2016 song by KSI and MNDM

"Friends with Benefits" (commonly abbreviated to its initials "FWB") is a song by British YouTuber and recording artist KSI and Dutch record production trio MNDM. It was released on 29 July 2016 by Island Records as the second single from KSI's second extended play (EP), Jump Around (2016). The song's lyrics centre around engaging in a no-strings-attached relationship.

"Friends with Benefits" debuted at number 69 on the UK Singles Chart. The song's music video was released on 5 August 2016 and stars KSI alongside a no-strings-attached friend in a series of silly vignettes which show the pair dressing up as various characters to illustrate some choice lyrics from the song. Scenes include KSI dressing up as Elvis Presley, Jimi Hendrix and Kendrick Lamar.

== Background and release ==

"Friends with Benefits" was written and recorded during a recording studio session in Amsterdam, Netherlands, in February 2016, as documented in KSI's YouTube vlog titled "Amsterdam Music Trip". On 18 July 2016, KSI revealed the song's title, cover art and release date via his social media pages. "Friends with Benefits" was released for digital download and streaming on 29 July 2016 by Island Records, a division of Universal Music Group.

== Music video ==
The music video for "Friends with Benefits" was filmed in the United States in the summer of 2016. It was released to KSI's YouTube channel on 5 August 2016 and has received 50 million views. The video's opening scenes show KSI and several of his Laid in America (2016) co-stars, including Caspar Lee, Alex Wassabi and Gerry Bednob, exiting a limousine upon arrival at a premiere of their film, before walking down a red carpet.
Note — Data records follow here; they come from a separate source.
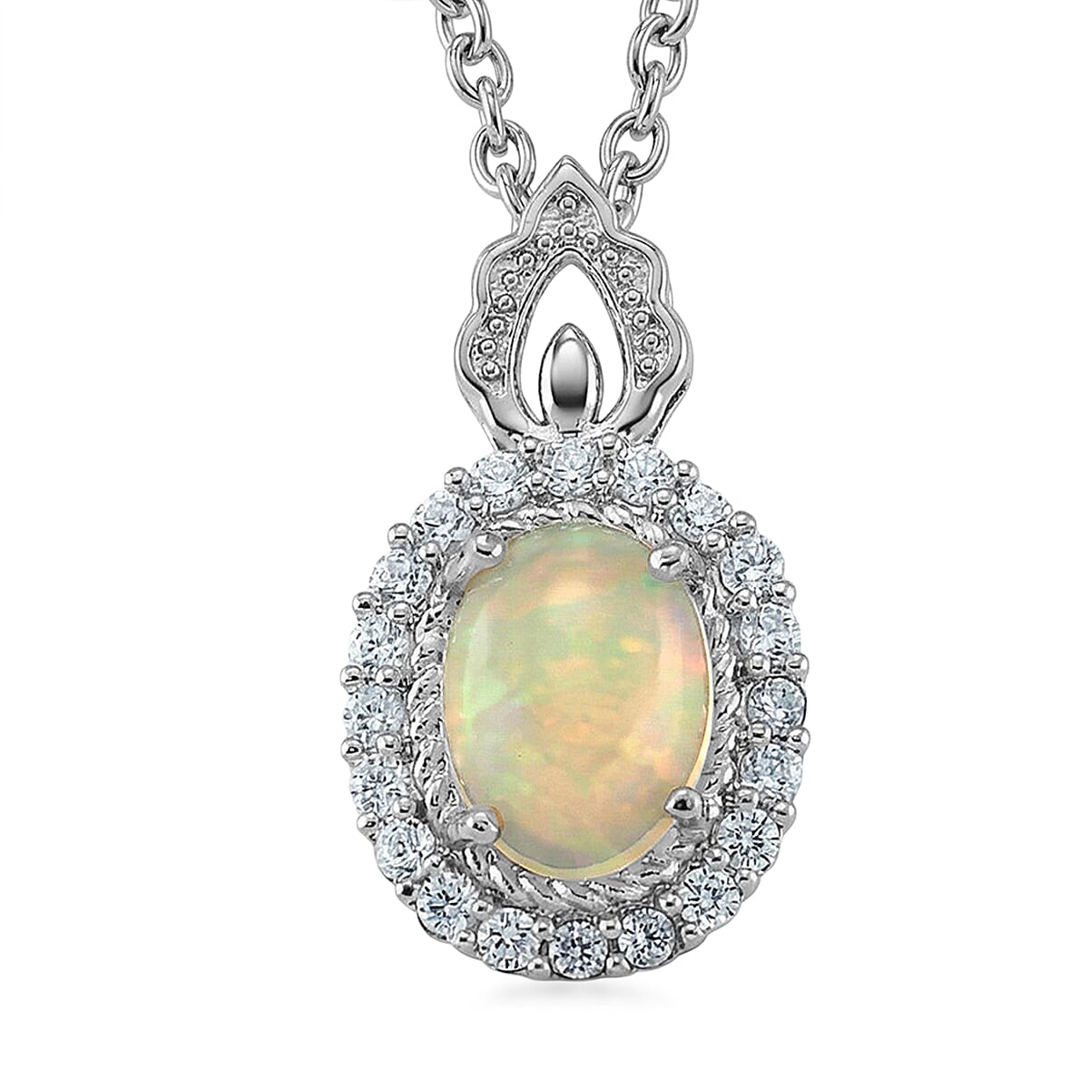 Opal and Simulated Diamond 6.00 ctw Pendant in Silvertone with Stainless Steel Necklace 20 Inches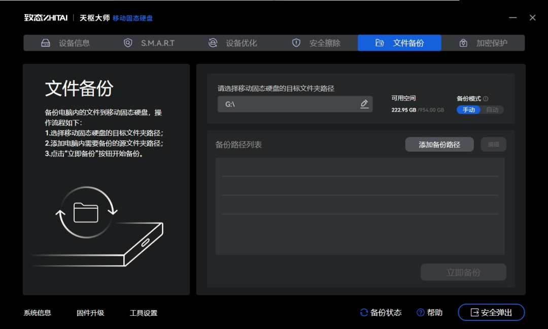 此外,也可以通过天枢大师对致态灵·先锋版移动固态硬盘进行安全擦除或者添加指定文件夹,对重要文件及时备份。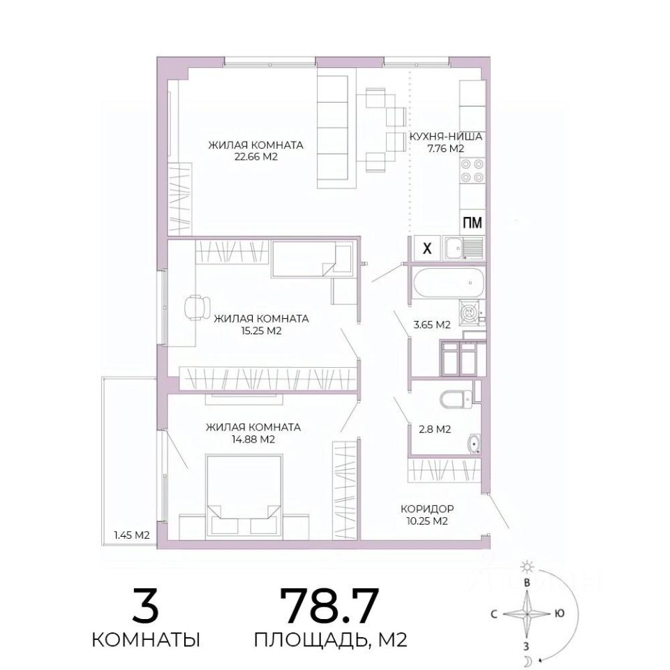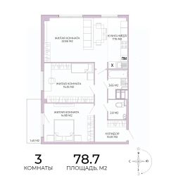 Продаётся 3-комнатная квартира в строящемся доме (дом 17), срок сдачи: IV-кв. 2025, общей площадью 78.7 кв.м., на 3 этаже. Дизайнерская отделка.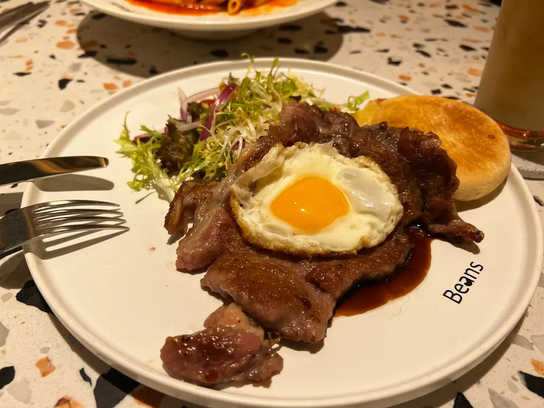 薄切西冷牛扒太陽蛋 鬆餅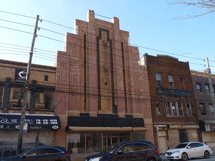 PARAMOUNT Theatre, at 560 Bay Street near Prospect, is now likely Staten Island’s premier ‘ghost theater’ now that the St. George has been restored and reactivated. It was designed by architects Rapp and Rapp with a contrasting orange brick façade, opening in 1930 with a capacity of 2500 seats and two Wurlitzer pipe organs, an extravagant feature during the Depression. In its latter days, it became an adult movie venue in the 1970s, and later, a rock club; the British band XTC played here in 1982, shortly before it gave up on public performances altogether, as well as the Ramones, B-52’s (who are still touring), Squeeze. The interior has been gutted, but its beautiful outsides are still in view.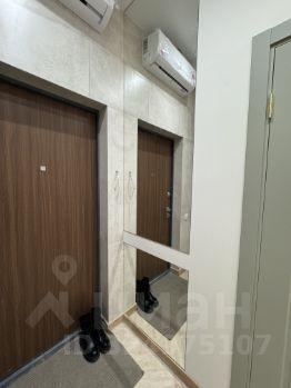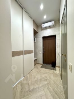 В коридоре большая система хранения для вещей, удачное расположение кондиционера, которое обеспечивает свое действие на всю квартиру.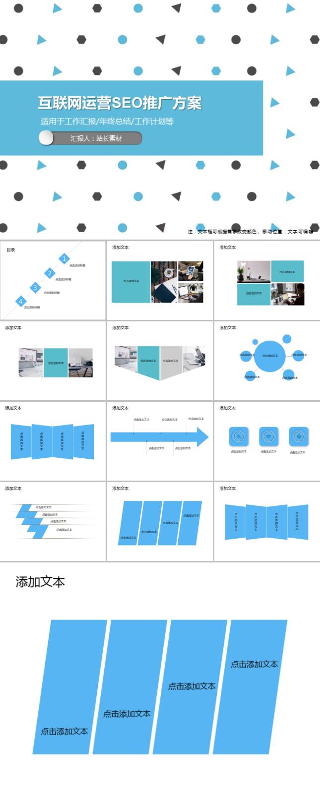 1.《互联网运营SEO推广方案PPT模板》援引自互联网,旨在传递更多网络信息知识,仅代表作者本人观点,与本网站无关,侵删请联系页脚下方联系方式。
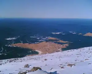 Hovden is a fishing village in Bø Municipality in Nordland county, Norway. The village is located at the northern tip of a peninsula on the island of Langøya, on the west side of the Malnesfjorden. The ocean lies to the north and west of the village. The road that goes to Hovden ends at the village. The habitation of Hovden, on the outermost point on a peninsula of the third-largest island in Norway (Langøya) is because of the closeness to the rich fishing banks off of the Vesterålen archipelago. Fish processing and fishing are the main employment of dwellers in Hovden.[2]
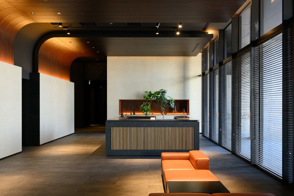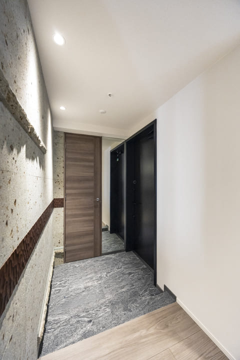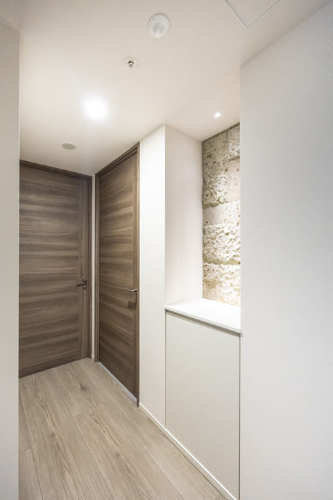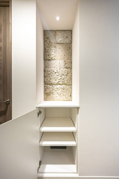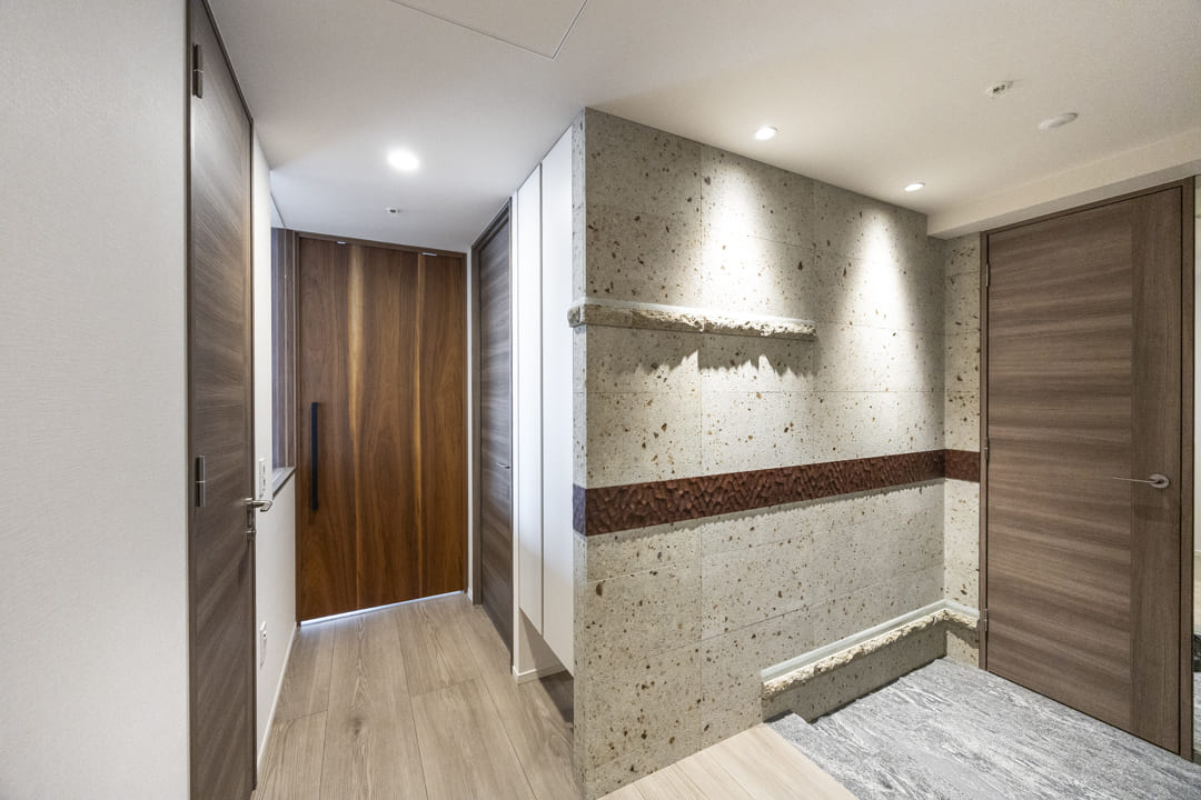 壁面に大谷石を採用した、重厚感の漂う玄関。スポットライトの光が陰影を描き、石の豊かな質感を際立たせます。手すりには無垢のウォールナットを用い、名栗(なぐり)仕上げを施した一本を壁面に沿って設置。温もりが感じられる、趣深い空間です。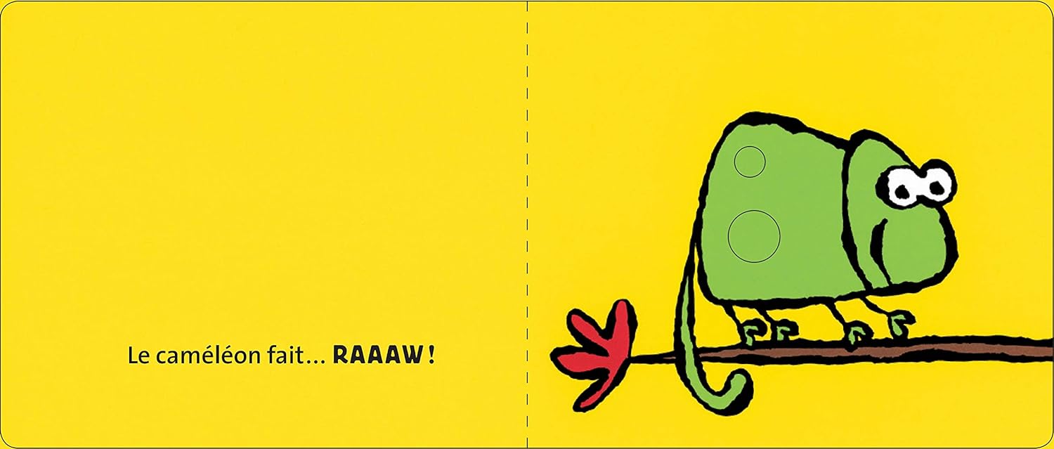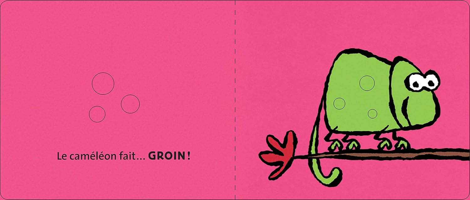 Tout le monde sait que le caméléon est un bon imitateur de couleurs. On sait maintenant qu'il peut faire « Groin, Raaaw, Meuh, Grrr, Aouuuw ou Zzzzz » quand il croise le cochon, le lion, la vache, l'ours, le loup ou la mouche. Mais son cri à lui, qui le connait ?

The remainder of the video stars KSI alongside American model Jena Frumes, who plays the role of his no-strings-attached friend, in a series of silly vignettes which show the pair dressing up as various characters to illustrate some choice lyrics from the song. Scenes show the pair dressing up as penguins, a bride and a groom and a pimp and his girl, as well as KSI dressing up as an old man, Tony Montana from Scarface, Elvis Presley, Jimi Hendrix and Kendrick Lamar. At the end of the music video, there is a 15 seconds-long teaser of the music video for KSI's next single "Jump Around" (2016), featuring American rapper Waka Flocka Flame, which was later released on 3 October 2016.

== Commercial performance ==
In the United Kingdom, "Friends with Benefits" debuted at number 69 on the UK Singles Chart. The song dropped to number 78 the following week, before dropping out of the chart. "Friends with Benefits" also debuted at number 12 on the UK Hip Hop and R&B Singles Chart and spent a total of seven weeks on the chart.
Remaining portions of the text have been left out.